Bankruptcy Basics: A Primer for Non-Lawyers
Originally published in October 2013
Copyright © 2013 Knox McLaughlin Gornall & Sennett, P.C.
Before Bankruptcy: Basic Strategies for Debt Collection
Gather Information About the Debtor
In order to make cost-effective decisions about debt collection, you need reliable information regarding the debtor’s financial condition. Start with your own file and review a summary of the debtor’s payment history and defaults. Look for trends. Review the public record for deeds, mortgages, financing statements, tax liens, judgments and/or pending complaints. Finally, request financial statements and related information directly from the debtor.
Use this information to develop a strategy. Decide whether or not to file a lawsuit. If the debtor is likely to file bankruptcy in the near future, you should act quickly to improve your position with respect to other creditors.
Move quickly to complete your collection activity before a bankruptcy is filed:
- Bankruptcy law recognizes priorities obtained before a bankruptcy is filed. Therefore, you may be able to improve your position in anticipation of bankruptcy and receive better treatment later if a bankruptcy is filed. Short of receiving payment, the main ways to improve your position are to obtain a judgment, acquire security, and/or enter into a favorable work-out agreement with the debtor.
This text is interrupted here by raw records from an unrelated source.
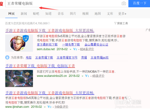 首先,我们需要下载一个模拟器,找到百度搜索引擎,在百度搜索引擎上输入王者荣耀电脑版。会出现很多相关的内容。
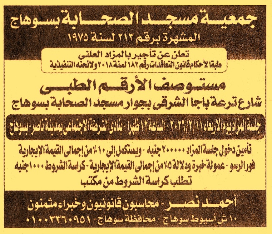 HOT information مزايدة علنية لعملية تأجير مستوصف الأرقم الطبي بشارع ترعة باجا الشرقي – بجوار مسجد الصحابة – سوهاج عن جريدة الجمهورية Post navigation جمعية طلائع المستقبل للإسكان التعاوني مركز شباب أرض اللواء
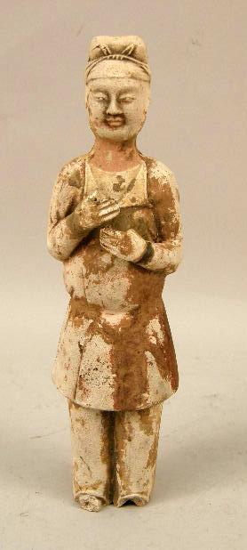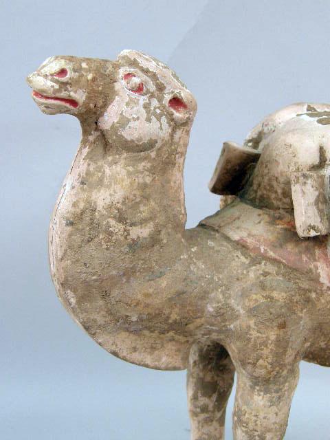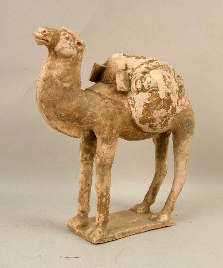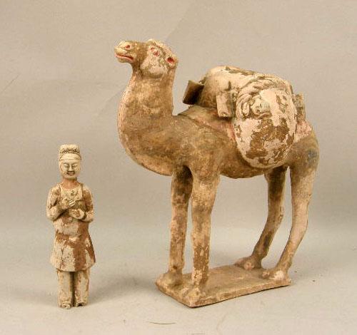 Together with an unglazed Tang-style tomb figure of a man. Camel 15"h x 13 1/2"l x 7"w, man 9"h Man`s left hand broken and repaired, left foot missing tip. Camel rocks on base.

- If you elect to file suit and you obtain a judgment in Pennsylvania, the judgment automatically becomes a lien against the debtor’s real estate in the county where the judgment is recorded. Based upon the judgment, you may also be able to seize the debtor’s personal property or garnish the debtor’s bank account. Continue to increase the pressure until the debtor concludes that it is better to pay the debt than it is to suffer the consequences of non-payment. However, if the debtor is insolvent, you may end up putting the company out of business completely. In those situations, you may accomplish more with a work-out.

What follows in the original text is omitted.